FACTUAL AND PROCEDURAL BACKGROUND
In June 2005, the State charged Blaurock with multiple felonies alleging the repeated sexual assault of his then-girlfriend's 14-year-old daughter, C.S. Ultimately, Blaurock was charged with the following: Counts I through VII, rape (alternatively aggravated indecent liberties with a child) occurring between May 1 and May 25, 2005; Count VIII, aggravated kidnapping occurring on May 25, 2005; Count IX, rape (alternatively aggravated indecent liberties with a child) occurring on May 25, 2005; Count X, rape (alternatively aggravated indecent liberties with a child) occurring on June 1, 2005; Count XI, aggravated criminal sodomy (alternatively criminal sodomy) occurring on June 1, 2005; Count XII, rape (alternatively aggravated indecent liberties with a child) occurring on May 25, 2005; and Count XIII, sexual exploitation of a child occurring on June 1, 2005.
The case went to trial; the jury acquitted Blaurock on Counts I through VII but found him guilty of the alternative charge of aggravated indecent liberties with a child in Count X. The jury deadlocked on the remaining counts, so the district court ordered a second trial on those counts.
Prior to the second trial, the State amended its information and ultimately charged Blaurock with: Count I, rape (alternatively aggravated indecent liberties with a child) occurring on May 25, 2005; Count II, aggravated criminal sodomy (alternatively criminal sodomy) occurring on June 1, 2005; and Count III, sexual exploitation of a child, occurring on June 1, 2005.
At the second trial, the State's case showed that on June 1, 2005, C.S. called the police to report that Blaurock had pulled her into his bedroom and raped her earlier that day. Her testimony revealed that a series of rapes and assaults had occurred prior to the June 1 attack and that Blaurock had taken Polaroid photos of some of the acts. C.S. alleged all of the crimes took place at the house where she lived with her mother and Blaurock. Further evidence included witness testimony, including from C.S. and Blaurock, DNA evidence, sexually explicit photographs recovered from Blaurock's residence that he had taken of C.S., and letters from Blaurock to both his mother and C.S.'s mother.
At the end of the second trial, the jury convicted Blaurock of the three remaining counts. On May 12, 2006, the district court sentenced Blaurock to 317 months in prison, with the rape, aggravated indecent liberties with a child, and sexual exploitation of child sentences to be served consecutively and the aggravated criminal sodomy sentence concurrently.
Blaurock appealed his convictions on four grounds: (1) error in admitting evidence of prior crimes; (2) error in allowing the jury to review an unredacted video; (3) violation of his speedy trial rights; and (4) cumulative error. Blaurock also attacked his sentences, arguing the district court erred in using his criminal history to increase his penalty because it had not been proven to a jury beyond a reasonable doubt. Another panel of this court affirmed Blaurock's convictions and sentences, and the Kansas Supreme Court denied subsequent review of Blaurock's appeal. State v. Blaurock , 41 Kan. App. 2d 178, 180-81, 201 P.3d 728, rev. denied 289 Kan. 1280 (2009).
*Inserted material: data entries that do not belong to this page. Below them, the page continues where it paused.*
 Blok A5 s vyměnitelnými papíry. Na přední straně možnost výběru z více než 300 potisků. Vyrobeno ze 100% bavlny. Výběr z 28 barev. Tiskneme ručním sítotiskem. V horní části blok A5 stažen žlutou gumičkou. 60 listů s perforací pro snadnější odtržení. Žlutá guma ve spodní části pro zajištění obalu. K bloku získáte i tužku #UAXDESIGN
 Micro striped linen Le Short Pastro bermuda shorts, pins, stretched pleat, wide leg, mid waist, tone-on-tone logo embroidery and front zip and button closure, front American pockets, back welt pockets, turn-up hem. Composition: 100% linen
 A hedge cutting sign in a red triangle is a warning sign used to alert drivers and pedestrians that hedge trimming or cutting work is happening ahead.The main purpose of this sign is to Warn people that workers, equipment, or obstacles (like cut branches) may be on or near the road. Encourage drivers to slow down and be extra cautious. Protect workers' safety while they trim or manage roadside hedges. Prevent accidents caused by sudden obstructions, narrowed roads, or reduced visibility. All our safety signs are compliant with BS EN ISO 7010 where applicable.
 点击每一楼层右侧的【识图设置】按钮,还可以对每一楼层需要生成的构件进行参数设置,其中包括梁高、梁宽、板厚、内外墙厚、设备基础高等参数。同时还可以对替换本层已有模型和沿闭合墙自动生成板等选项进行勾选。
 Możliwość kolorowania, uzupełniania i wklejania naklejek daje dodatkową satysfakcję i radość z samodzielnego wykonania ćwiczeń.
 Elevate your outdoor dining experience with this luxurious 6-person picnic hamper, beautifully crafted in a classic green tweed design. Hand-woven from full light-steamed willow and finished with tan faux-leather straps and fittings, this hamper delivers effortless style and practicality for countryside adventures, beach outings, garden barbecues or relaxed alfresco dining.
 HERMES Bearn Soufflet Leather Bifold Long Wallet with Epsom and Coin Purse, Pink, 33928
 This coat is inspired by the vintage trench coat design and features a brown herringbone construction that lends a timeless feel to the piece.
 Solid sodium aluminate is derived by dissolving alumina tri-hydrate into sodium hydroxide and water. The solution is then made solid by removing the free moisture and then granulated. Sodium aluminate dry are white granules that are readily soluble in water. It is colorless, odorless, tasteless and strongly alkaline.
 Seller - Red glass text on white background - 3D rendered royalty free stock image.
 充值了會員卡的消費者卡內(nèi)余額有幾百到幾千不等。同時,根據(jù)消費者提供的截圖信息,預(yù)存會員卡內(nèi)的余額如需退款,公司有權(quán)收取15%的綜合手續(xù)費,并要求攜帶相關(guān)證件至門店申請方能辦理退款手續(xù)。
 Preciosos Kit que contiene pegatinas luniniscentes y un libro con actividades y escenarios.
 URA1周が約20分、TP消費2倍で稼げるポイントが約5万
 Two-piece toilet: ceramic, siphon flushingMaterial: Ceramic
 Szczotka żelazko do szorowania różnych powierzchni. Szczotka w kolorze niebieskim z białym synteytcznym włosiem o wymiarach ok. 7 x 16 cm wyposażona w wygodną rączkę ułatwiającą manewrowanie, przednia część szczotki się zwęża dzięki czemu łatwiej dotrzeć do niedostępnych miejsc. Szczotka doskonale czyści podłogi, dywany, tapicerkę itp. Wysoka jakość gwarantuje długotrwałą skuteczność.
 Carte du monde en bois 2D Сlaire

In January 2010, Blaurock filed a pro se K.S.A. 60-1507 motion. The district court appointed counsel to represent Blaurock, but Blaurock filed an amended pro se 60-1507 motion containing 41 issues. The district court held an evidentiary hearing on the amended motion. The district judge denied all 41 claims. Another panel of our court affirmed the denial of Blaurock's 60-1507 motion. Blaurock v. State , No. 108,591, 2015 WL 1122935, at *1 (Kan. App. 2015) (unpublished opinion).
On February 8, 2018, Blaurock filed a second pro se 60-1507 motion and a request for postconviction DNA testing. While these motions were pending, on July 2, 2018, Blaurock filed his present pro se motion to correct an illegal sentence in his original criminal case. The district court summarily denied all three motions. As to Blaurock's motion to correct an illegal sentence, the district court held that Blaurock "has done nothing more than state conclusory remarks that his sentence is illegal. Defendant cites no facts or legal ruling to support his motion." Yet another panel of this court affirmed the denial of Blaurock's second 60-1507 motion. Blaurock v State , No. 120,858, 2019 WL 7207548, at *1 (Kan. App. 2019) (unpublished opinion), petition for rev. filed January 28, 2020.
Blaurock timely appeals the denial of his motion to correct an illegal sentence.
ANALYSIS
On appeal, Blaurock raises six arguments: (1) The district court erred in failing to liberally construe his motion to correct an illegal sentence as a K.S.A. 60-1507 motion; (2) the district court erred in failing to grant him a hearing on his motion to an correct illegal sentence; (3) the district court erred in ordering some of his sentences to run consecutively; (4) his sentences are illegal because his convictions are unsupported by substantial competent evidence and are multiplicitous; (5) the district court erred in denying his claim of structural defects in the information; and (6) the district court erred in denying his claim of structural defects in a jury instruction.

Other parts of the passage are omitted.